Improving observability with metadata

Metadata is ubiquitous to information technology. The first description of "meta data" for computer systems is purportedly noted by MIT's David Griffel and Stuart McIntosh in 1967. Initially, the main purpose of metadata was to find the physical location of data from punch cards and tapes on a shelf and, later, on disk drives and folders as digital technology progressed. In a nearly boundless telemetry database the physical location of things tends to be less important to the user although we can consider things like account IDs and named environments (for example, QA, DEV, Prod) as logical proxies for physical organization.

At its core, telemetry data is really just a series of numbers. Some represent counts, some magnitudes, and sometimes a qualitative string that denotes a condition like OK, PASS, FAIL. Some values are higher than they were an hour ago and some lower. That's the nature of time series data of which New Relic is mainly constituted. Without some ability to analyze telemetry data by comparing and contrasting like or unlike groups, our ability to make informed data-driven decisions is almost non-existent. At the very top-most level all of New Relic’s standard agents will at least group telemetry under a common application name and ID. That is necessary but not sufficient for modern observability. This blog explains how metadata is useful, how metadata can be managed in New Relic and what a simple standard for entity metadata may look like.

Why we need metadata

At the highest level metadata will help you:

Find entities and telemetry when you know the characteristics of interest but may not know all of the associated entities or records (or they are too numerous to analyze as one large set).
Visualize entities and telemetry by characteristics of interest. Helps see the relative size of the groups and visualize anomalies when group sizes don’t seem right.
Route and respond to workflows based on the tag of associated entities.
Plan activities and assess compliance of different entities (for example, ensure all of a team’s servers have upgraded to the latest Linux version)
Report high level business and organization KPIs to know which areas of business are doing well or need improvement.
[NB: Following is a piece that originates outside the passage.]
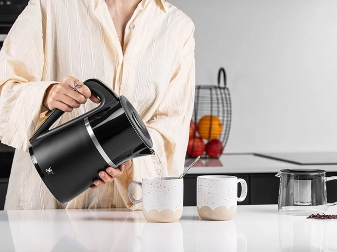 De LAFE elektrische waterkoker met temperatuurregeling is een handige hulp in elke keuken. Dubbele wanden zorgen voor veiligheid tijdens het koken doordat de buitenkant niet heet wordt. Het moderne design wordt aangevuld met hoogwaardige materialen. De waterkoker maakt traploze temperatuurregeling in stappen van 5 °C mogelijk, van 40 tot 100 °C, ideaal voor verschillende dranken.

One example of a real-world observability use case using tags is a scenario where we notice that an application is suddenly throwing a high number of errors. We may already have an incident workflow setup with the right tagging schema we can know

Which team owns this entity (reach out to them if necessary)
Which individual(s) is responsible for the code repo (invite them to an incident war room)
Which operational region is impacted (triage business impact, regional SLA/compliance)
Which business unit is impacted (triage the business impact, incident cost per hour)
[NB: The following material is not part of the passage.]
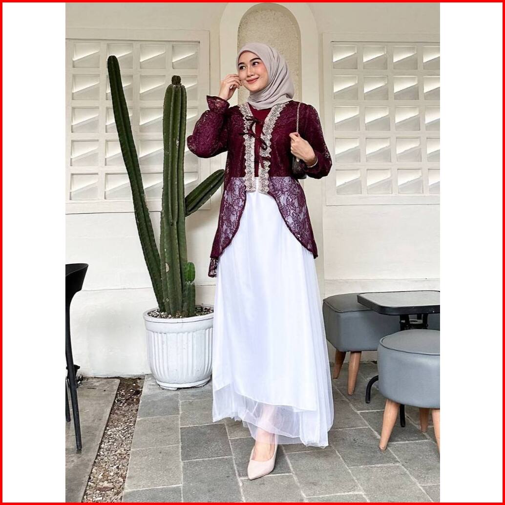 Tunik Wisa Outer Tille Brukat Cardigan Atasan Kondangan Lebaran Raya Bridesmaid Wisuda Pesta Renda

Approach 1: Tagging for entity organization

Tags are automatically applied to entities in some cases, from the following sources:

Account metadata
New Relic agent context
OpenTelemetry agent context
Infra agent context

There are several ways of viewing and interacting with tags in New Relic. The simplest way is to click on the tags icon in one of our curated views such as APM. This icon also shows you the number of associated tags.

You can then view all the tags and even manually add additional ones.

For a more holistic view you can use the entity explorer to filter and group by entities (including built in ones such as “entity type”).

Using the entity explorer to filter and group by entities

For standard entity types like APM, it’s possible to incorporate tags into the New Relic Query Language (NRQL) queries. This blurs the lines between simple data organization and analytics. For example, the following query can show us the number of transaction errors associated with specific teams. Tags that are available in NRQL are prefaced with “tags”:

FROM TransactionError select count(*) facet tags.Team

The result will appear as any other attribute facet would.

`Team`	`Count`
`TeamECOMMERCE`	`Count6`

It's clear that one of the most valuable uses for tags is making data more actionable. As shown above, the idea of “routing” incidents or attention can be done more effectively when we know certain things about who owns the code or how to deal with issues.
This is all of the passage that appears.